Dial H

Story by
Art by
Riccardo Burchielli
Colors by
Tanya Horie, Richard Horie
Letters by
Steve Wands
Cover by
DC Comics

For ongoing series at DC Comics, the #0 issues present potential problems. These issues are interrupting some books' storylines, and causing readers to have to wait two months for everything to move forward again. China Mieville and Riccardo Burchielli could have fallen into that same trap, and as it is "Dial H" #0 doesn't follow on from the previous month's comic at all. But with a book full of devilish ideas like "Dial H" #0, this sudden swerve into the past has ended up being my favorite issue to date.

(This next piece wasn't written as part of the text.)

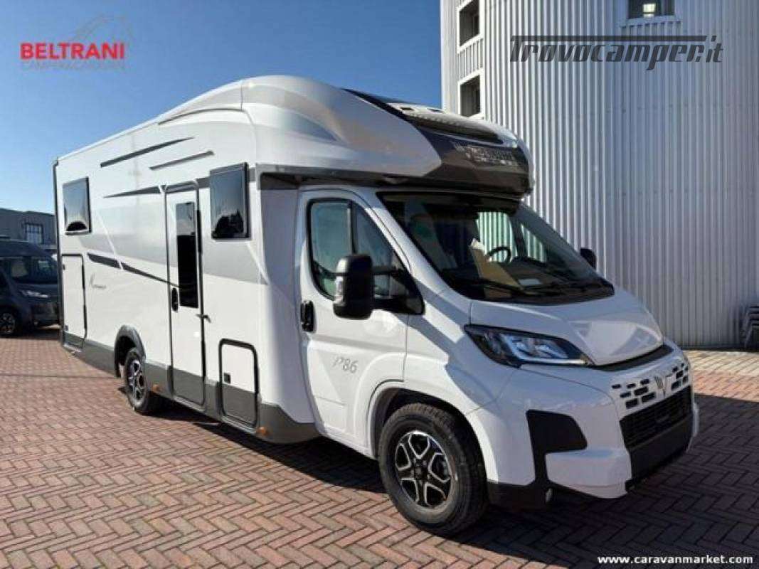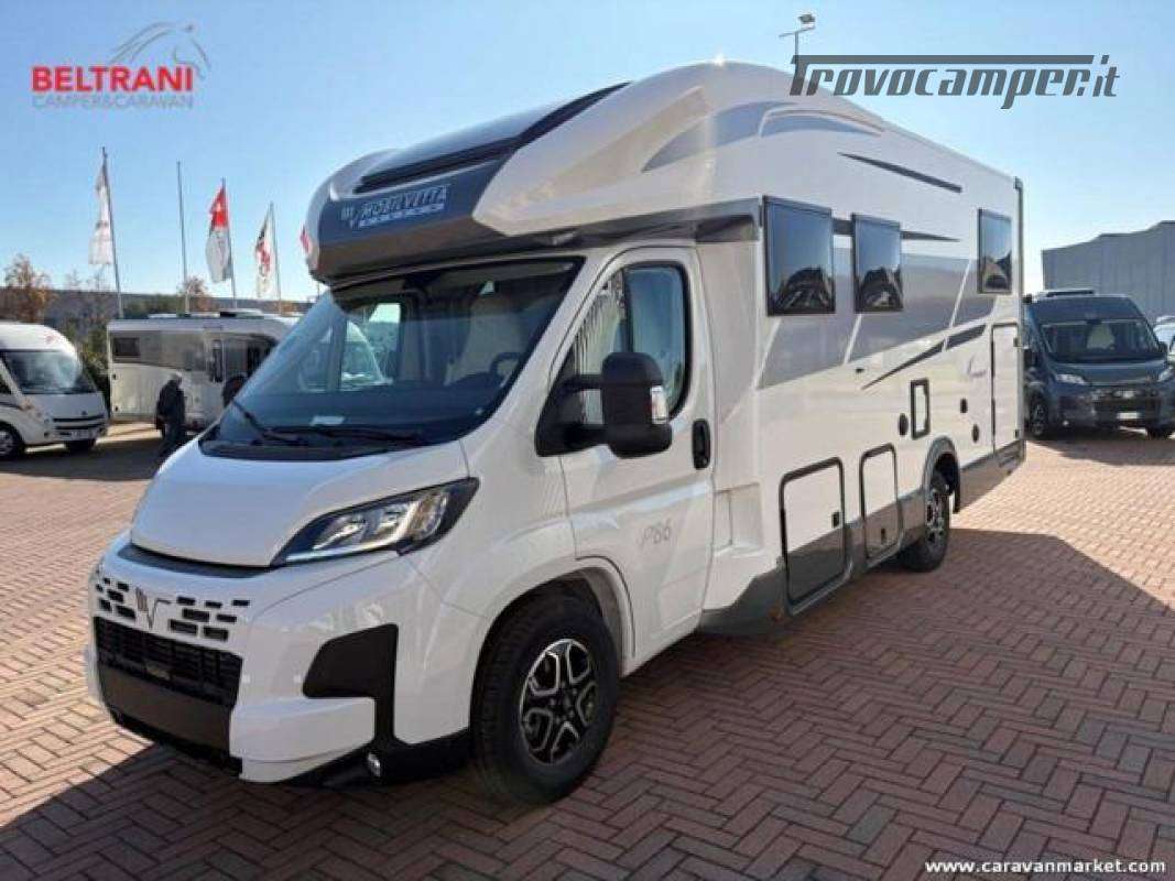 Mobilvetta Krosser P86 2026 | Automatico. Semintegrale con doppio pavimento tecnico e layout con letti gemelli posteriori, pensato per chi cerca comfort di alto livello e grande capacità di stivaggio in ogni stagione, Il cambio automatico su Fiat Ducato 2.2 rende la guida fluida e sicura, mentre il living face?to?face con skydome, cucina centrale completa e toilette con doccia separata offrono spazi luminosi e funzionali per la vita a bordo, Fari full LED, ampio garage passante collegato all?abitacolo e dotazioni moderne per 4 posti viaggio/letto completano un allestimento curato, ideale per viaggi lunghi con comfort, tecnologia e design in puro stile Mobilvetta

Set in the time of Babylon, "Dial H" #0 introduces us to Laodice, who uses an incarnation of the Dial that is in the form of a partially completed sundial rather than a telephone rotor. A massive piece of stone that needs to be manually rotated over the course of four days to slowly "dial" out the four symbols (one each day at noon) to transform, it's that moment of inventiveness in the first few pages of "Dial H" #0 that lets readers know this isn't going to be a throw-away issue. Once we get the rapid-fire transformation sequence (I know I'm not the only one a little regretful we didn't get to see more than a glimpse of Power Squirrel) and the debut of Bumper Carla, all bets are off with Mieville.

What's so great about "Dial H" #0 is that it's more than just big crazy ideas (with the biggest one not being revealed until the final pages). We don't get tons of time to learn about Laodice and her world, but she comes across as both brave and sympathetic, the perfect protagonist for this jump into the past. If we'd had an entire "Sundial H for Hero" storyline instead of just a single issue, I think I'd have been delighted. This is clever and fun, but it's got heart too.

Burchielli's character designs are great, too. Not only with the people in the past, or with Bumper Carla (the glasses, the hair style, the bow), but even those heroes we barely see like Nuclear Punch. Everyone comes across fully realized, and it's part of the appeal of "Dial H." Comics are, after all, a collaborative medium and Burchielli's shown that he's able to bring all of Mieville's big ideas to life and then some. Even Mushussu, the Beast of Babylon, comes across well thanks to the serpentine way that the beast twists in the air as it attacks and ravages troops. Burchielli's become an indispensible part of "Dial H" and hopefully he'll stick around for some time to come.

"Dial H" #0 is a great diversion from the series' main story, even as it made me feel more excited about the book as a whole. If you haven't been picking up "Dial H" up until now, this is a great introduction on the big ideas of the series. Mieville and Burchielli have turned a strange concept into something even more wonderful in "Dial H." Don't pass it up a second time.